Details

sys/arm/arm/generic_timer.c
877–878	This isn't safe when different CPUs have different levels of support. You can use `get_kernel_reg` to get a common view of the CPUs, however the overhead may be large for a short delay, and the value could change when secondary CPUs are enabled. You could use the CPU feature framework in D47812 to handle this by adding a CPU_FEAT_SYSTEM check that uses `get_kernel_reg` to see if all CPUs can use the instructions.
879	What if the CPU receives an exception before the timeout? Won't that mean DELAY would return early?

andrew added inline comments.Jan 22 2025, 12:29 PM

sys/arm/arm/generic_timer.c
879	The timeout value passed to the `wfet` and `wfit` instructions is the value the virtual timer should be when a local wakeup event is generated. This means we'll need to calculate this value. The `counts` calculation in `arm_tmr_do_delay` appears to be what we need to find how far into the future to wake up. If you extract that to a new function you could do something like the following: counts = <calculate counts>; start = sc->get_cntxct(false); end = start + count; while (counts > 0) { wfet(end); last = sc->get_cntxct(sc->physical_sys); counts -= (int32_t)(last - first); first = last; }

harry.moulton_arm.com added inline comments.Jan 24 2025, 6:25 PM

sys/arm/arm/generic_timer.c
877–878	We'd need to add the `wfxt_check` and `wfxt_enable` functions. I've done this in machdep.c. I wasn't sure how to use the cpu_feat framework to check if a feature is enabled on the fly, so I looked at what feat_pan does, added a bool in machdep.c and an `is_wfxt_en()` function that can be used elsewhere in the kernel. This appears to work okay when testing.
879	What is the reason for putting the `wfet()` inside the loop, as opposed to just calculating the CNTVCT_EL0 value for the timeout? To avoid the previous comment about an exception accidentally ending the delay early?

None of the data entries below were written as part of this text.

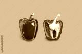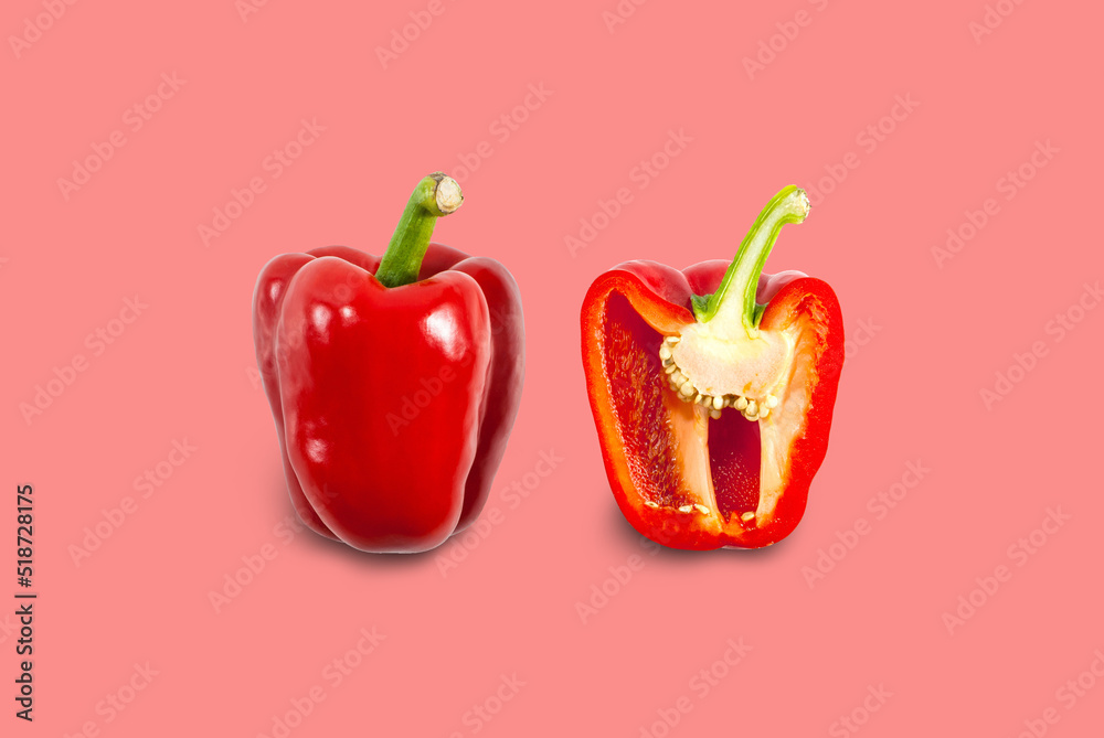 Slice and whole red bell peppers isolated on a pastel pink color background with a clipping path.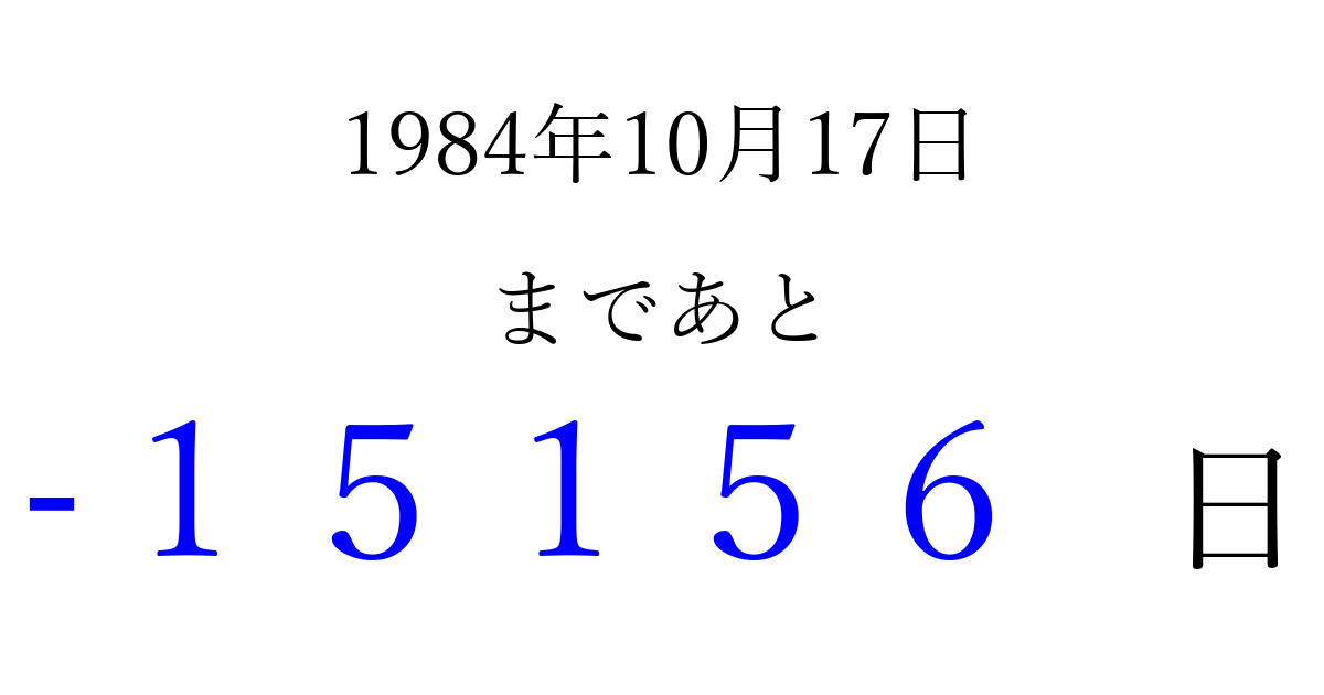 1984年10月17日(水)は もう 00000 日過ぎました 追加すると、トップページからすぐ選べるようになります ※2026/04/16現在の結果です。 最新の状態に更新する ↓シェアして、タイムライン上にカウントダウンを表示しよう!↓ 📤 この結果を共有する Tweet シェア Threads Bluesky 別の日付でカウントダウン 1984年10月のカレンダー このページをブックマークに追加すると、いつでもカウントダウンを確認できます。 (PC: Ctrl+D / Mac: ⌘+D) hitome-notes.comでは以下のページも運営しています。 指定日と期間から日付を計算 | ガチャ確率計算・シミュレーション | プライバシー・ポリシー 運営者:Avocado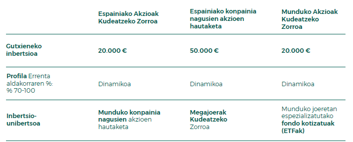 • Zure inbertsioei buruzko informazio zorrotza.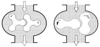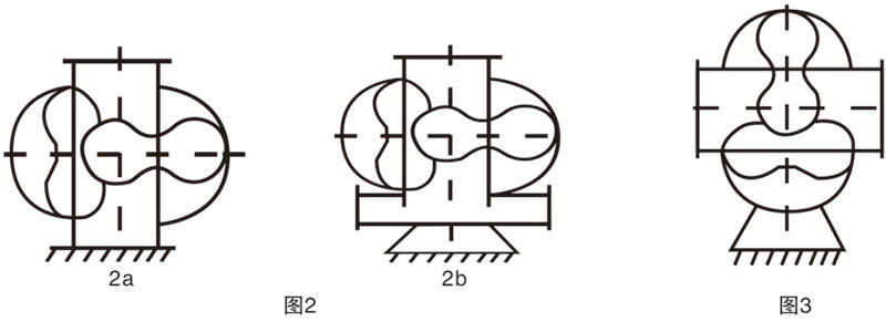 Horizontal - The two rotor centerlines of the blower are in the horizontal plane and the gas flows vertically (as shown in Figures 2a, 2b)

andrew added inline comments.Jan 27 2025, 9:36 AM

sys/arm/arm/generic_timer.c
877–878	You can put them in this file so we can hide the details from the rest of the kernel that doesn't need to know about them. Because it uses a `DATA_SET` the functions and struct can be static. The DATA_SET macro creates an array in a linker section we can find and iterate over. You can also look at `ptrauth.c`. It sets a variable, but most of the details are hidden in a single file (other than `elf64_addr_mask`). If you use `CPU_FEAT_AFTER_DEV \| CPU_FEAT_SYSTEM` for the flags the check and enable functions will onlt run on a single CPU, and late enough that other CPUs are online. You can then use `get_kernel_reg` to read the common view of the ID register. It will only report wfxt support if all CPUs support it making the instruction safe to use when the function may be scheduled on different CPUs.
879	`wfet` can finish early if the CPU receives an event, e.g. another CPU executes an `sev` instruction.

Use the CPU feature framework to determine whether the WFxT instructions are available on all CPUs, and set enable_wfxt accordingly. When the timer is used for DELAY(), it'll check whether it can use wfet().

Harbormaster completed remote builds in B62089: Diff 150100.Jan 29 2025, 3:19 PM

andrew added inline comments.Jan 29 2025, 3:58 PM

sys/arm/arm/generic_timer.c
841–850	`last` the last value read in the loop. The above change should be ok to cause `wfet` to wait with the correct timeout.
885	We need to use `get_kernel_reg` to get the common view of the ID registers. If one CPU has the extension and another doesn't then we shouldn't enable it as `DELAY` may be scheduled on either.

Amended arm_tmr_do_delay() to use end for wfet(), used get_kernel_reg() rather than READ_SPECIALREG(), and added CPU_FEAT_AFTER_DEV flag, so support is checked after secondary cpus are brought up.